Levi Stadium home of the San Francisco 49rs
Levi Stadium home of the San Francisco 49rs

Most residents I’ve spoken with that oppose the stadium initiative, Measure J, express concern about new taxes, traffic impact and new debt, but the more they learn about the facts, the more convinced they become, as I am that this is truly a no-lose proposition.


Measure J will involve no new city taxes or use of general fund money.  The traffic plan is brilliant.  The positive impact on the local economy is practically limitless: new job opportunities, increased local business revenues, increased property values, etc.

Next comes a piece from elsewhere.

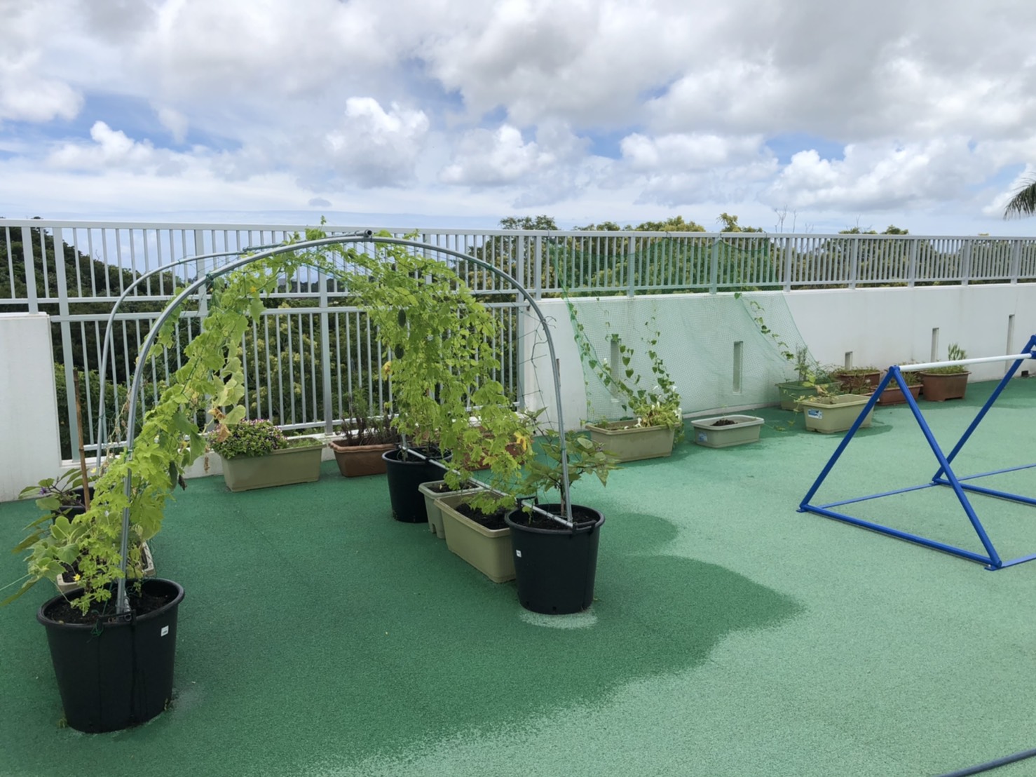 今年度、屋上の環境を少し変え野菜のほかに

Get the facts for yourself: http://www.santaclarastadiumfacts.com/

Economic stimulus?  Just look at the area of San Francisco surrounding AT&T Park.  In just 10 years since the ballpark opened, the China Basin neighborhood has grown from a barren corner of the bay to one of the most densely productive areas of the City.

This about more than just football; this is about being one of the most significant cities in the country. It’s a singular economic opportunity in the midst of a recession. It’s about jobs, revenues and property values . . . and we only get one shot at it for all time.

Join Santa Clarans For Economic Progress and Vote Yes on Measure J.